As the leading cause of bacterial gastroenteritis, Campylobacter represents a significant public health burden; however, our knowledge of its epidemiology in low- and middle-income countries remains limited. Recent studies have demonstrated the power of whole-genome sequencing (WGS) for public health microbiology. The primary aim of this thesis was to exploit WGS to improve our understanding of the epidemiology of Campylobacter from the Republic of South Africa, a middle-income country. In the first half of this thesis, in silico approaches were developed to evaluate diagnostic assays and methods of species identification. Large-scale analyses of publicly available WGS data identified a robust real-time PCR assay for the detection of Campylobacter jejuni and Campylobacter coli, the primary causes of human campylobacteriosis. Evaluation of in silico speciation methods demonstrated that the atpA gene and ribosomal multilocus sequence typing can be used to identify Campylobacter from WGS data.
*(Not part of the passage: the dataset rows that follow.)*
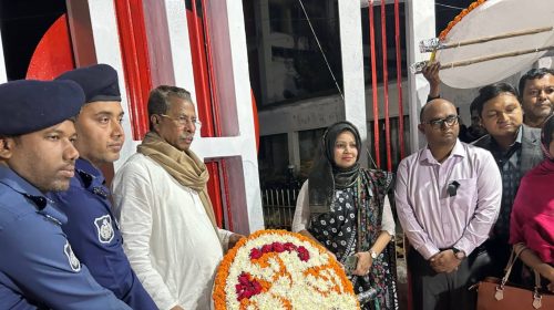 বাকেরগঞ্জে বিনম্র শ্রদ্ধায় অমর ভাষা শহীদদের স্মরণ: পুষ্পস্তবক অর্পণ
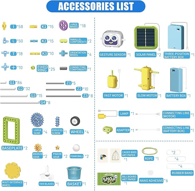 - Educational Science Kit: Our science kit includes a variety of components such as gesture sensors, solar panels, battery box, motor, LED lights, conveyor belt, and wheels. Children can build their own robots and develop their scientific literacy, logic, and creativity
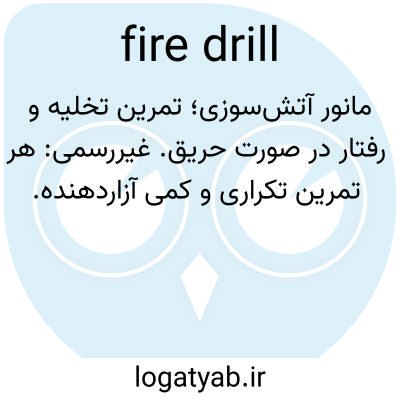 مانور آتش‌سوزی؛ تمرین تخلیه و رفتار در صورت حریق. غیررسمی: هر تمرین تکراری و کمی آزاردهنده.
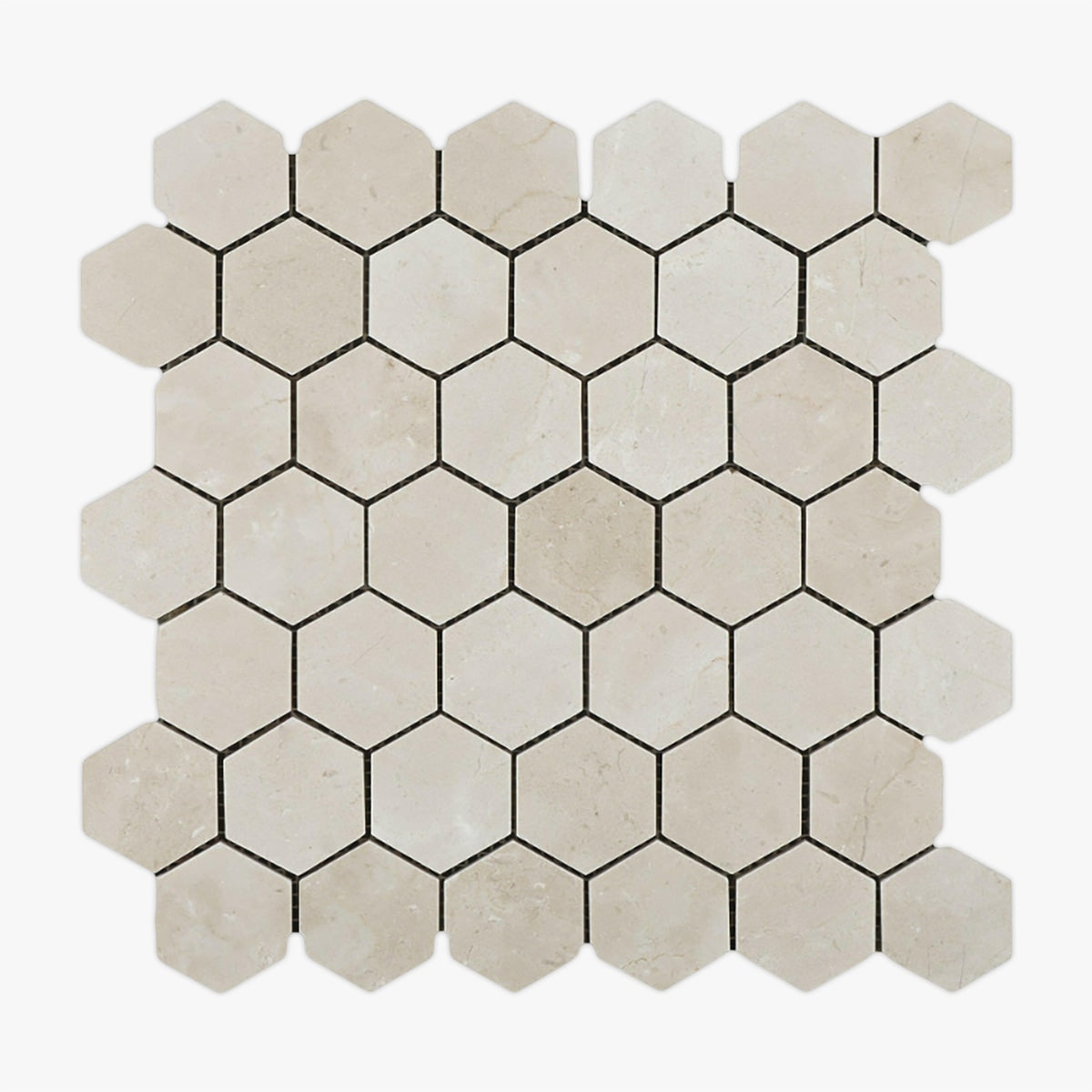 Crema Marfil Honed 2 Inch Hexagon Marble Mosaic

The second half of this thesis extended concepts developed in the first half to investigate the epidemiology of Campylobacter from animals and humans from South Africa. Isolates from a study of Campylobacter from free-range broiler carcasses belonged to the agriculture-associated ST-828 lineage, but were atypically homogenous and differed at only 46/1,513 (3%) loci, providing novel insights into clonal infections in chickens. Analyses of human disease isolates collected in Cape Town in 1991, 2011, and 2012 confirmed that the local epidemiology of Campylobacter is distinct from that of high-income countries: in addition to major agriculture-associated C. jejuni and C. coli lineages, a putative novel C. jejuni subsp. jejuni/C. jejuni subsp. doylei hybrid clade and genetically diverse C. jejuni subsp. doylei and C. upsaliensis isolates were identified. This work delivers further evidence of the utility of WGS for clinical microbiology, presents approaches that address general problems in Campylobacter diagnostics and public health microbiology, and provides insights into the epidemiology of this important group of pathogens in South Africa.